Cinema’s Duty to the Past: Why Using History as a Vehicle to Tell Your Own Story is Wrong
By Alex Smith
[1] Gangs of New York is an instructive film to study when looking at how cinema and history can and should interact, both in the ways that it succeeds and fails. This is also a great example of the ways in which a director’s predispositions can influence the way that a historical film is put on screen. Taking these two lines of exploration together, this movie is a great tool to illustrate what a historical director’s duties and responsibilities are, both to his audience and to the historical moment that he is portraying. Gangs of New York shows the possibilities as well as the limitations of the genre and can help future directors bring history to the screen in the most honest and faithful way.
[2] The first goal of any historical film is to transport the audience back in time to the historical event being depicted. This is no easy task, and many historical films are robbed of potential impact by failing to immerse the viewer. Gangs of New York positively soars in this regard. The level of detail that Scorsese and his team required, and produced, is breathtaking, starting with the set itself. The Five Points neighborhood that serves as the setting for most of the film was built from the ground up in the back lots of Cinecitta, a film studio in Rome. This allowed the scenes a greater degree of authenticity, as the environment that the actors had to interact with was fully realized in front of them. Had the actors been required to use their imaginations to fill out the scenery, the level of consistency and continuity they displayed in their interactions with it would not have been possible.
[3] This level of detail was not confined to the set design by any means. Costumes and props were created with extraordinary care as researchers for the film combed the historical record for information to aid in their creation. This included contemporary descriptions from books and newspapers, as well as illustrations and manuals detailing how certain products were constructed. Similarly, the filmmakers hired dialect and movement coaches to train the actors to walk and talk as though they were in 19th-century New York City. Importantly, this painstaking attention to detail was not just reserved for the lead actors or the most important scenes but was employed unfailingly throughout the entire movie, in costuming every extra and weathering every fence post. Taken all together, this led to the highly immersive film that we have before us. This is Gangs of New York’s highest achievement, and it should serve as a model for future historical films to follow.
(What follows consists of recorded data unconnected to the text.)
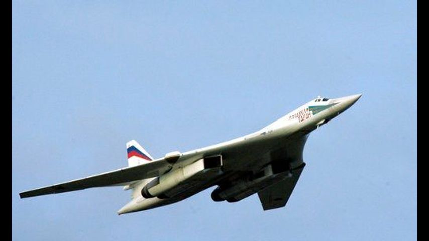 The Tu-160 is capable of carrying conventional or nuclear-tipped cruise missiles with a range of 5,500 kilometers (3,410 miles).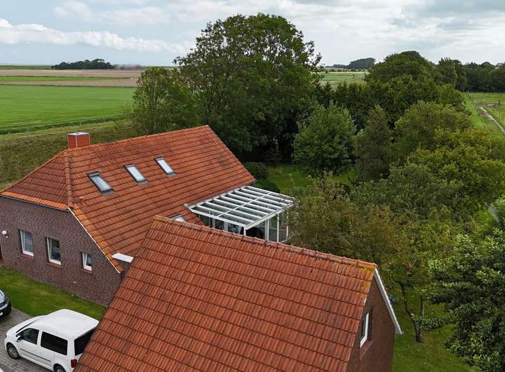 Nordseeluft pur schnuppern Sie bei dieser Immobilie jeden Tag. Mit Blick gen weite felder oder über den Deich spüren Sie das ostfriesische Leben.
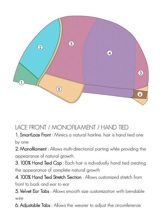 The cap is 100% hand-tied, meaning each hair is individually knotted, allowing free movement and styling versatility. No matter where you part it, the full monofilament top gives a scalp-like appearance. The SmartLace™ front allows the freedom of styling your hair away from the face, giving you endless styling options. This top-of-the-line wig is a must-have for the woman wanting the most natural look.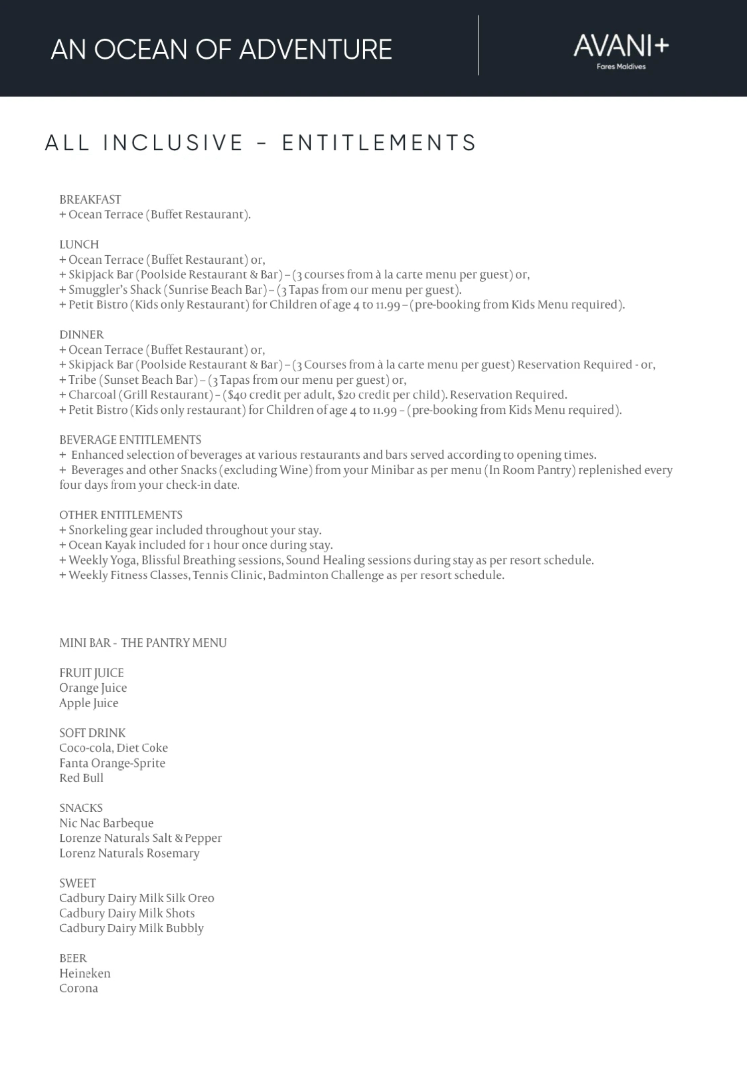 รีสอร์ทน้องใหม่ล่าสุด AVANI+ FARES MALDIVES ในเครือ Minor ที่ตั้งอยู่ใน Baa Atoll พื้นที่อนุรักษ์พันธุ์สัตว์น้ำของ UNESCO ซึ่งเป็นบริเวณที่มีชื่อเสียงในการดำน้ำตื้นกับ Manta Rays หรือฉลามวาฬอีกทั้งยังตั้งอยู่ใกล้กับร่องน้ำที่จะมีโอกาสเห็นโลมาว่ายผ่านมาได้อีกด้วยรีสอร์ท AVANI+ FARES MALDIVES ให้บริการทั้งห้องบนหาดและห้องกลางน้ำสามารถรองรับทั้งการเดินทางกลุ่มขนาดเล็กและขนาดใหญ่ทั้งแบบคู่รักกลุ่มเพื่อนครอบครัวที่มีเด็กแถมยังมีหลาย meal plan ให้เลือกไม่ว่าจะเป็น Bed & Breakfast, Half Board, Full Board, All Inclusive พร้อมเครื่องดื่มไม่มีแอลกอฮอลล์ หรือ All Inclusive พร้อมเครื่องดื่มมีแอลกอฮอลล์อีกด้วย นับเป็นอีกรีสอร์ทที่ได้เปิดตัวมาตอบโจทย์ผู้ที่ชื่นชอบประเทศมัลดีฟส์ค่ะ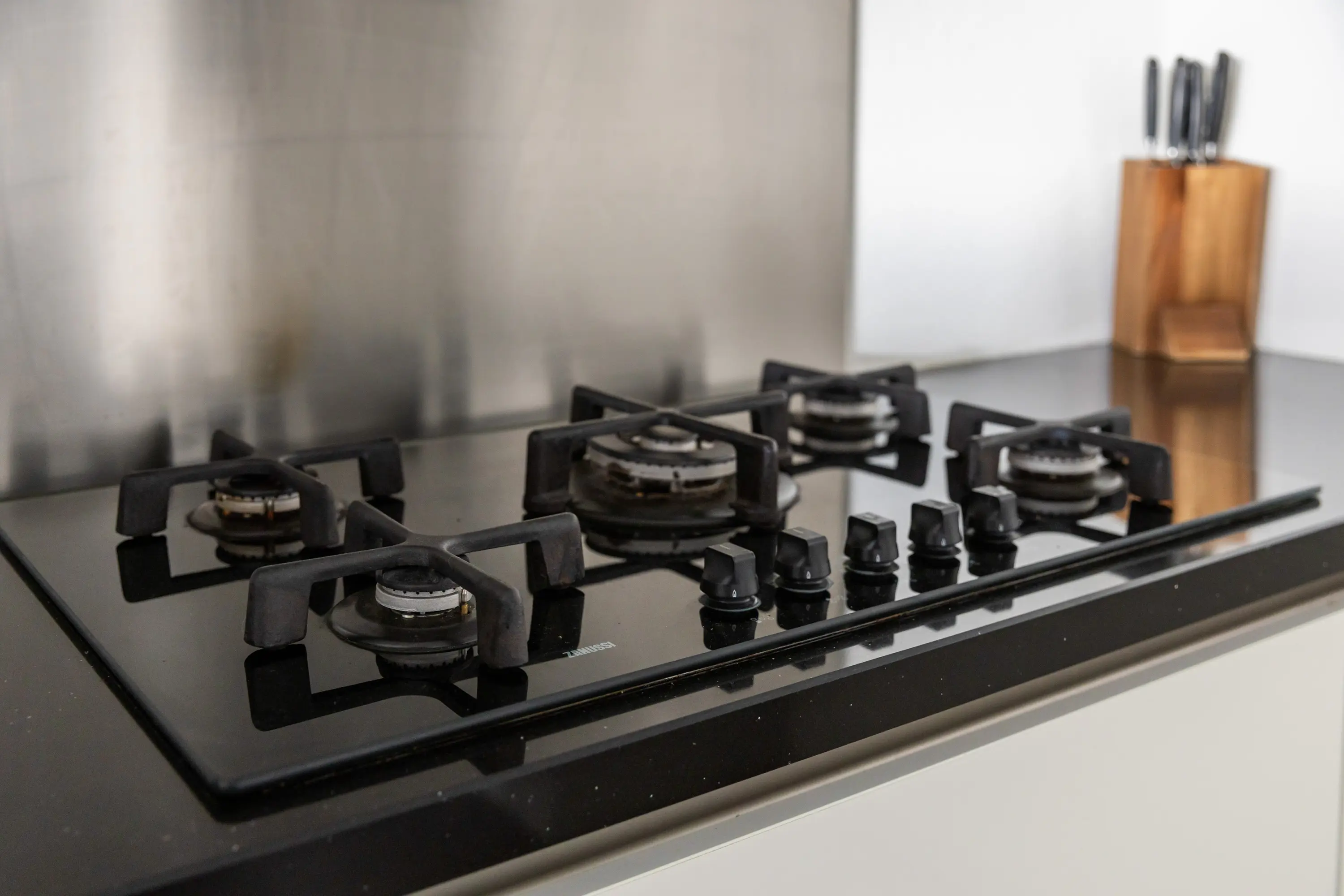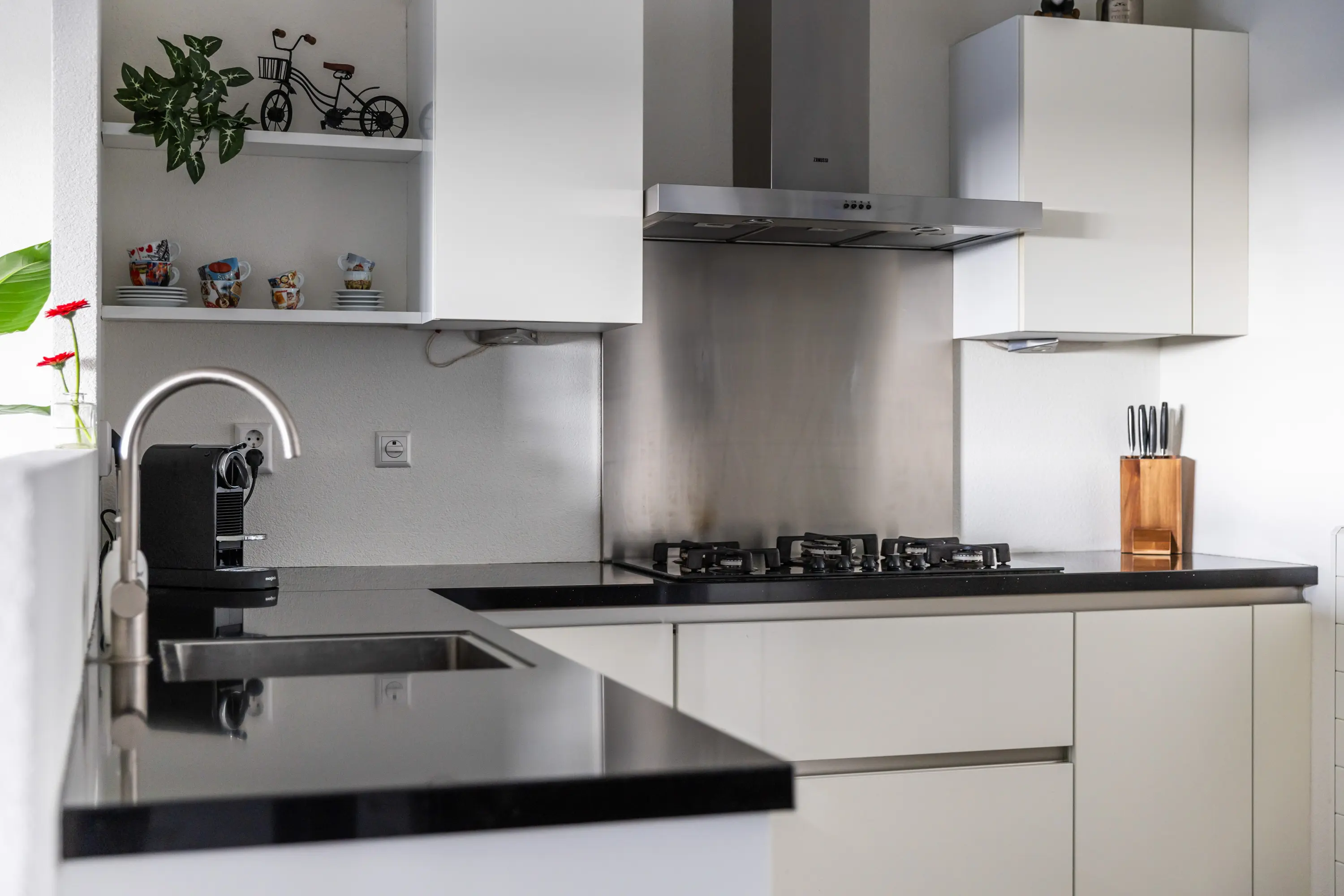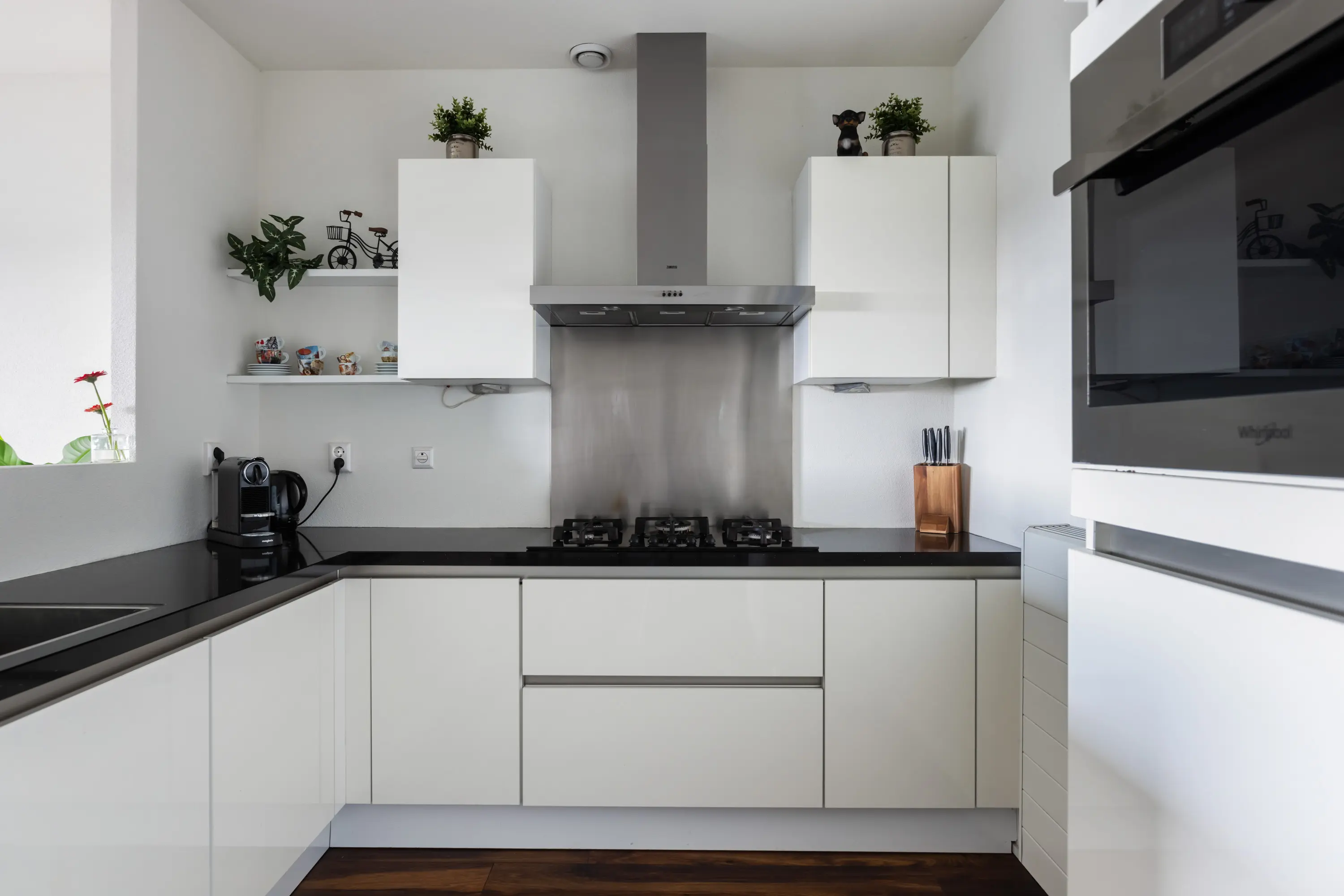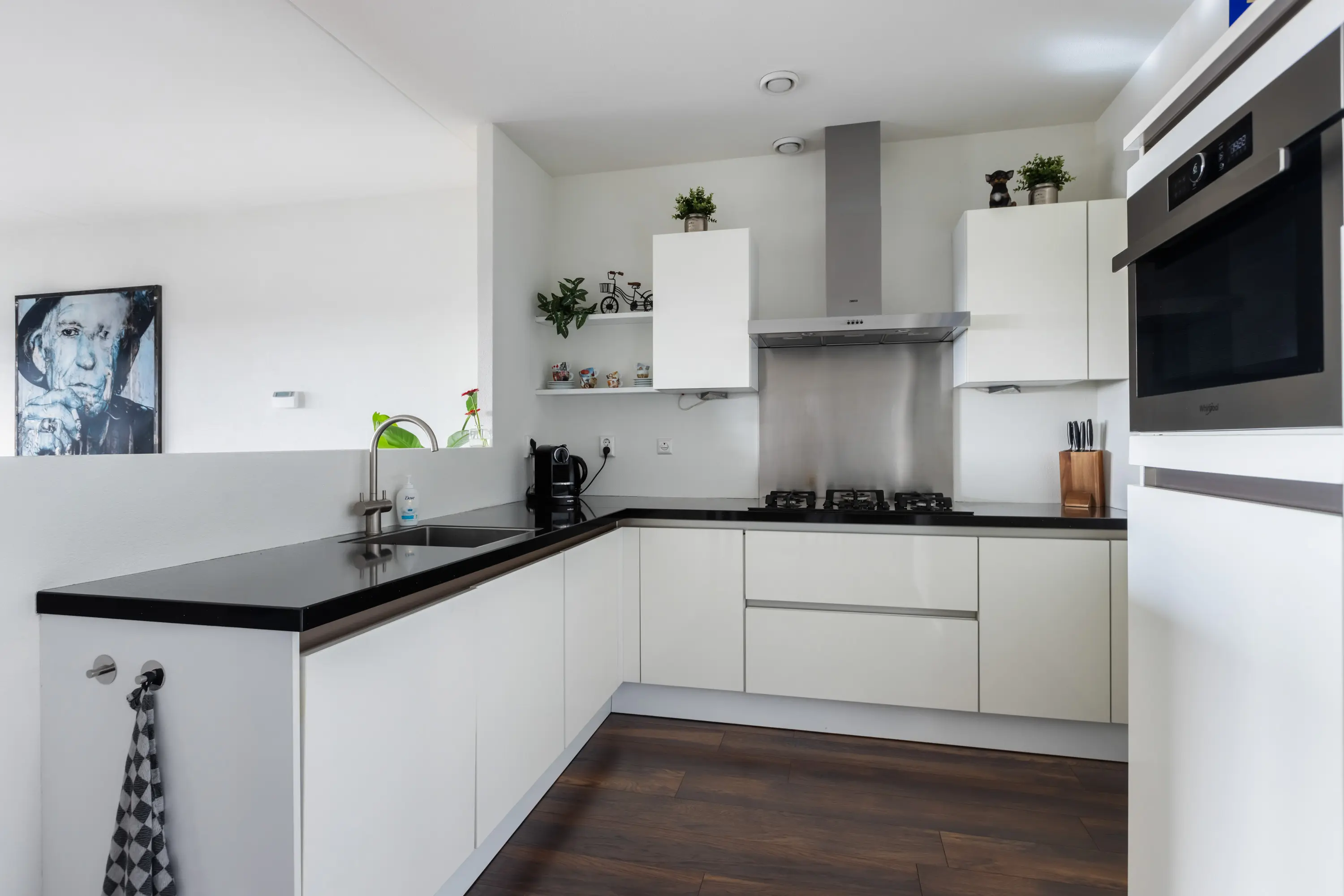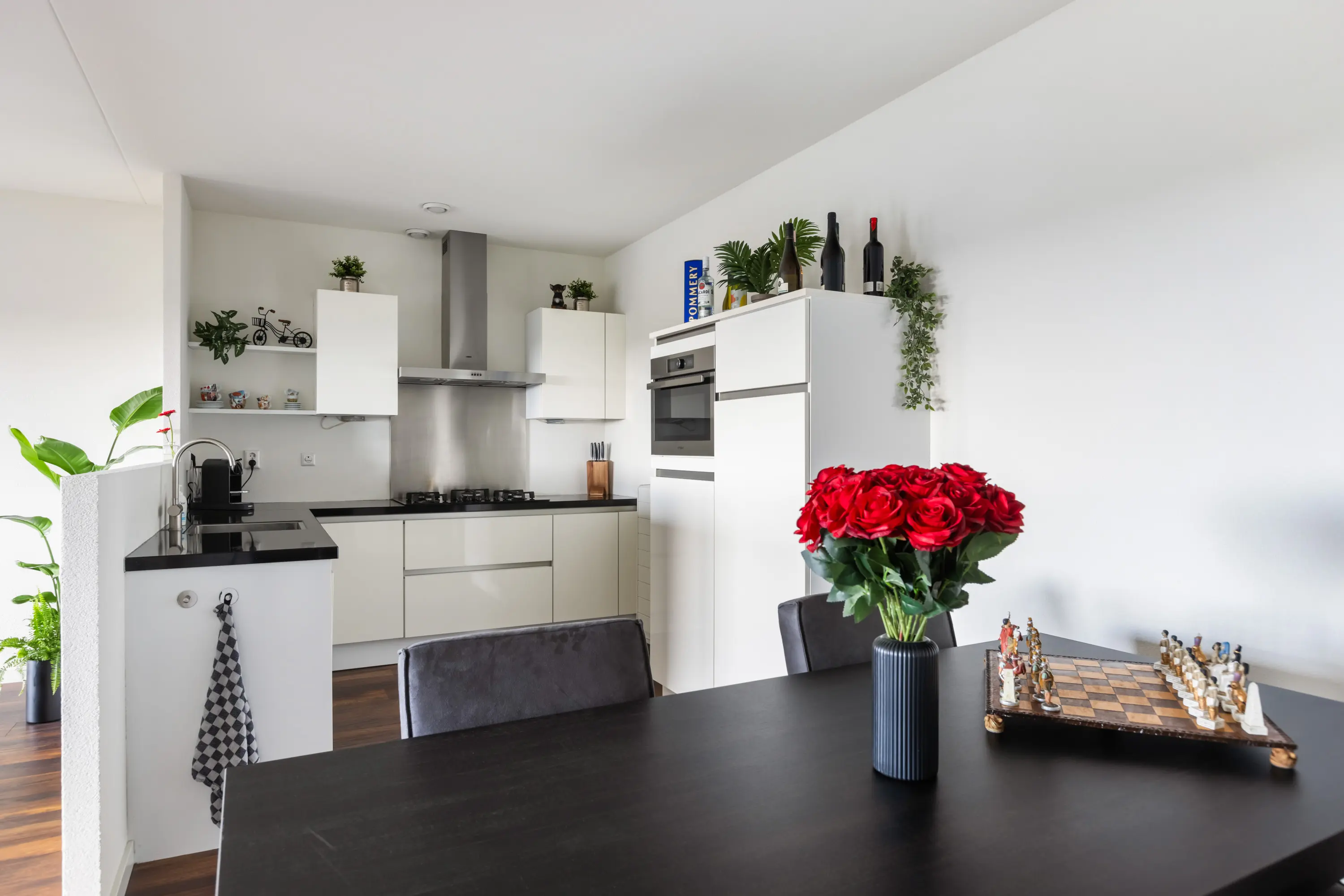 De hoekkeuken is modern en compleet uitgerust met een gas-op-glas kookplaat, afzuigkap, combi-oven/magnetron, koelkast, vriezer en vaatwasser.

[4] This was not a model that Scorsese and his crew invented, however, for a time it was one of the most popular modes used in Hollywood. This tradition, which Scorsese’s film falls squarely within, is the epic. Even the filming location, Cinecitta studios, had its roots in the epic with such classics as Ben-Hur (1959) and Cleopatra (1963) filmed in the same back lots. The epic film is something of a dinosaur in modern cinema, mostly because of the exorbitant production costs typically required. Scorsese and his team prove that this does not have to be the case and in so doing revitalize the legitimacy of the epic form. Not only that, but this is strong evidence that the epic is perhaps the form best equipped to bringing history to the screen. Future historical filmmaker should take note of this fact and consider utilizing it in their productions. Scorsese and his team provide a blueprint for how to transport an audience back in time and recreate the feeling and emotion of a particular historical time period.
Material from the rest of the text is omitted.